**What is required:** Omit the pictures, then reproduce exactly the line bearing "I’m perched on" and every line after it up to and including the last line of the entries below.

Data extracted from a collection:
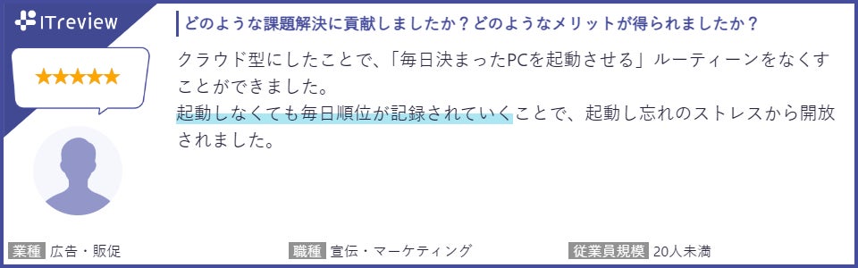 本製品は、ITreview(https://www.itreview.jp/ )でのユーザーレビュー数が120件を突破し、満足度4.3(5段階評価)という高い評価を得ています。(2024年10月20日時点)
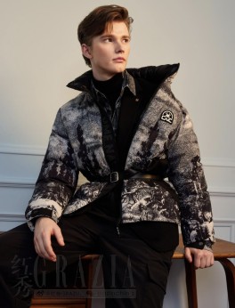 灰色自然印花羽绒外套以黑白调森林雪景印花为核心设计,将自然意境化为可穿戴的艺术。简约短款廓形设计、可拆卸拉链帽与罗纹收口袖等细节,在体现产品的艺术风格表达的同时,也让穿着体验更加便捷、温暖。
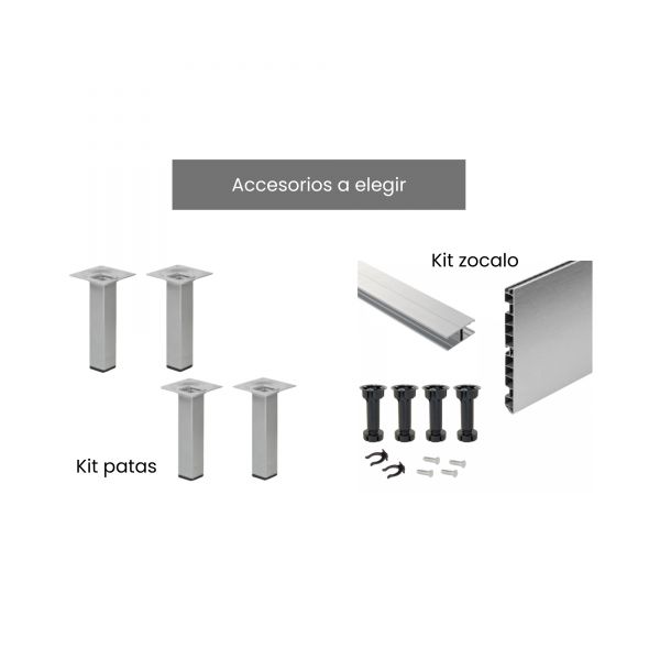 Complementos: Si desea instalarlo sobre patas o zocalos, disponemos de los accesorios en nuestra web (se adquieren por separado).
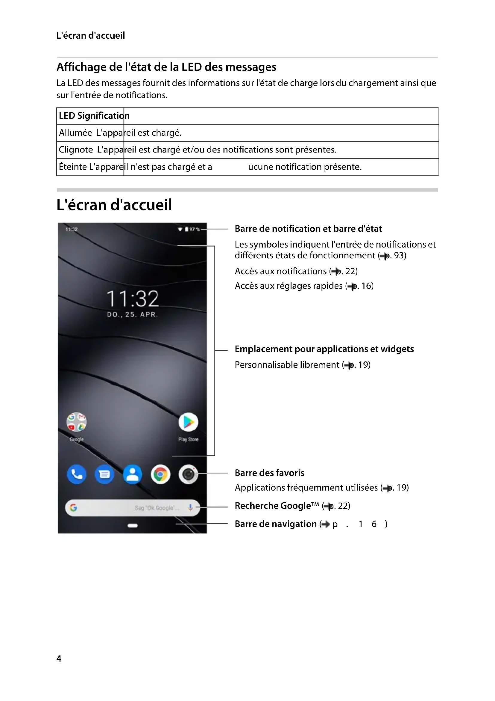 Affichage de l'état de la LED des messages La LED des messages fournit des informations sur l'état de charge lors du chargement ainsi que sur l'entrée de notifications. L'écran d'accueil LED Signification Allumée L'appareil est chargé. Clignote L'appareil est chargé et/ou des notifications sont présentes. Éteinte L'appareil n'est pas chargé et a ucune notification présente. Barre de notification et barre d'état Les symboles indiquent l'entrée de notifications et différents états de fonctionnement ( p. 93) Accès aux notifications ( p. 22) Accès aux réglages rapides ( p. 16) Barre de navigation ( p. 16) Barre des favoris Applications fréquemment utilisées ( p. 19) Emplacement pour applications et widgets Personnalisable librement ( p. 19) Recherche Google
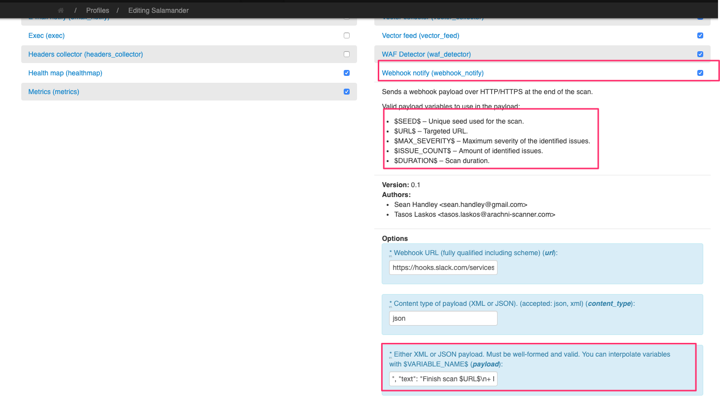스캔이 완료됬을 떄 노티를 받을 수 있으면 참 좋은데, Arachni에서는 플러그인으로 Email 과 Webhook 2개를 지원해줍니다. Webhook이 있다면.. 이미 모든 서비스는 연동할 수 있는 상태이지요. arachni can receive results when scanning is complete through email and webbook plug-ins.
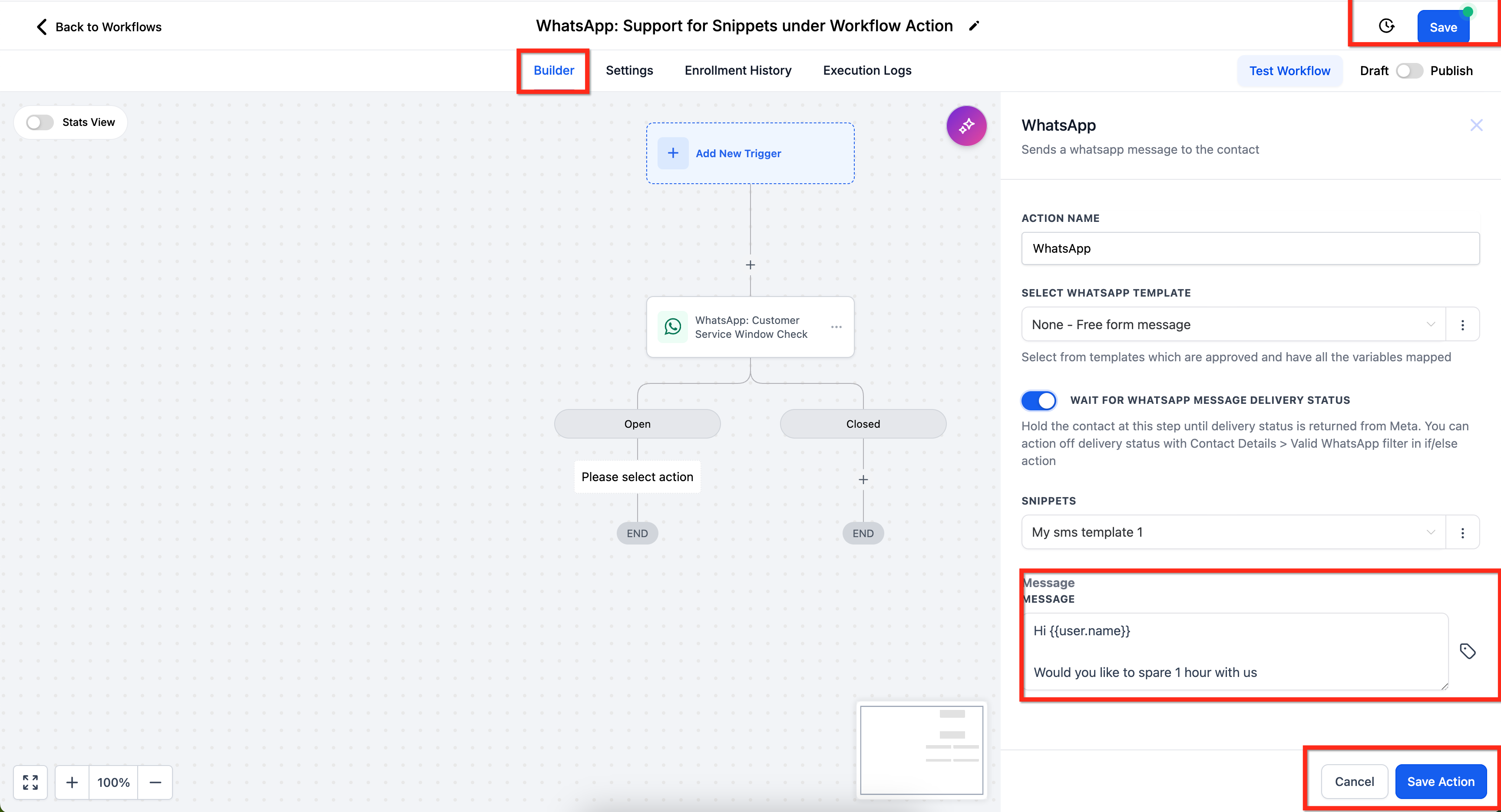 Step 5 — Send Snippets or Templates via Workflows
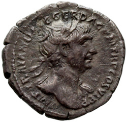 [I]MP TRAIANVS AVG GER DAC P M TR P COS VI P P, Bust of Trajan, laureate, draped on left shoulder, right
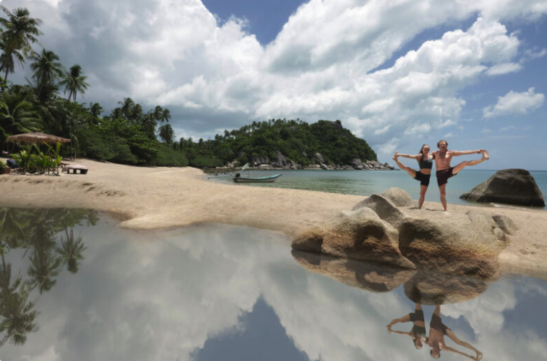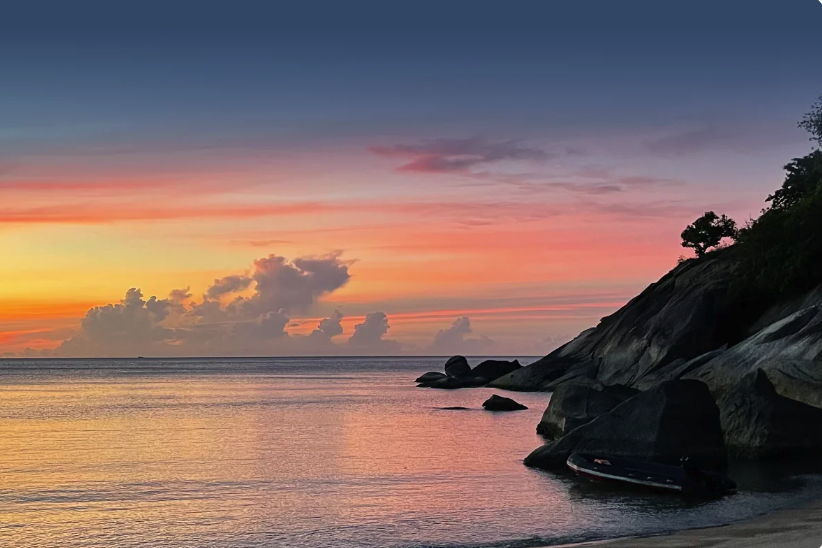 I’m perched on the end of a longtail boat, cocktail in hand, head to the wind. The silhouettes of thousands of people line the length of the beach in front of me, and a throbbing bass reverberates in my chest. Just two minutes ago, I was in the middle of that neon-clad throng, dancing full-moon-style with the best of them. And now here I am, making my James Bond-style getaway to quieter shores up the coast.
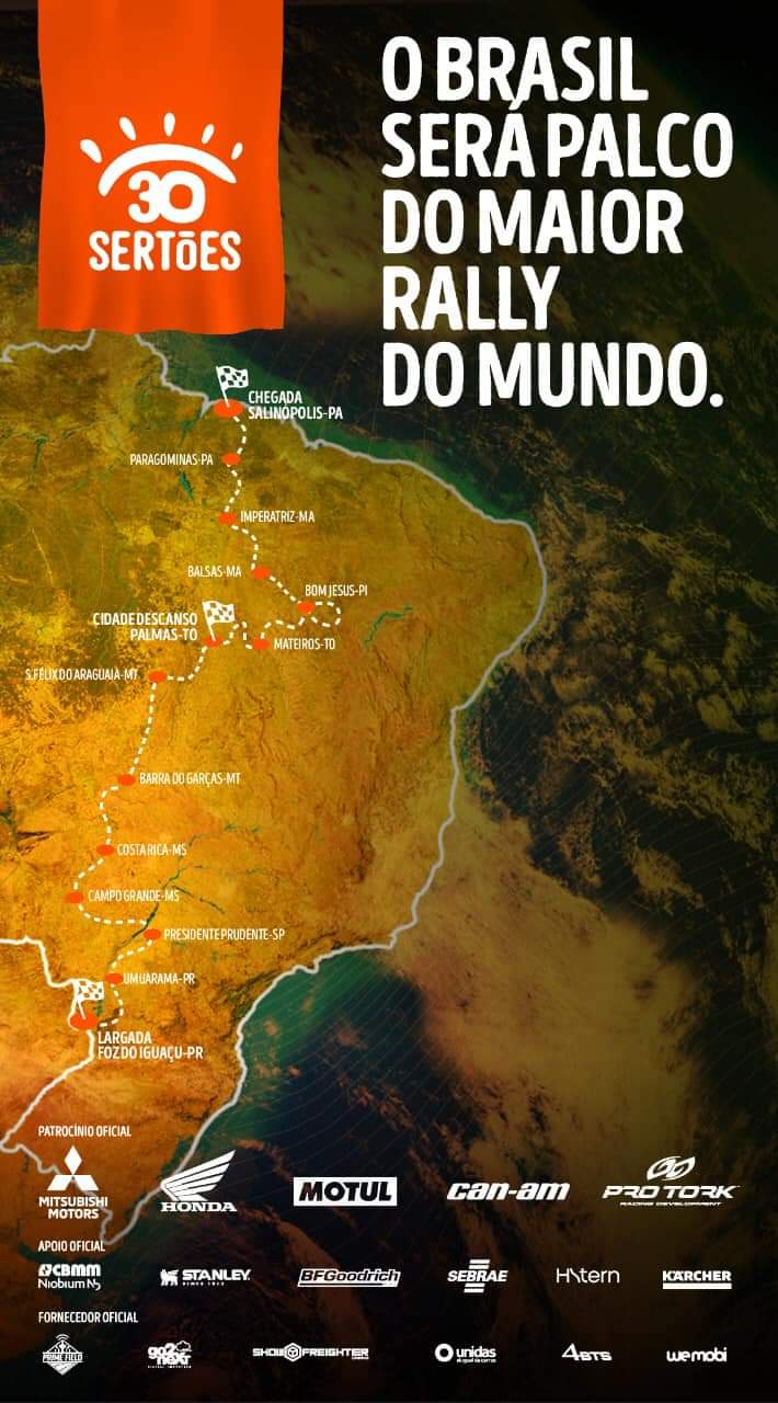 A largada está prevista para Foz do Iguaçu (PR), no dia 27, e a chegada marcada para Salinópolis (PA), no dia 10 de setembro. Ao todo serão 14 etapas da competição, formada por quatro tipo de veículos: carro, UTV, moto e quadriciclo.

**Output for this task:**
 I’m perched on the end of a longtail boat, cocktail in hand, head to the wind. The silhouettes of thousands of people line the length of the beach in front of me, and a throbbing bass reverberates in my chest. Just two minutes ago, I was in the middle of that neon-clad throng, dancing full-moon-style with the best of them. And now here I am, making my James Bond-style getaway to quieter shores up the coast.
 A largada está prevista para Foz do Iguaçu (PR), no dia 27, e a chegada marcada para Salinópolis (PA), no dia 10 de setembro. Ao todo serão 14 etapas da competição, formada por quatro tipo de veículos: carro, UTV, moto e quadriciclo.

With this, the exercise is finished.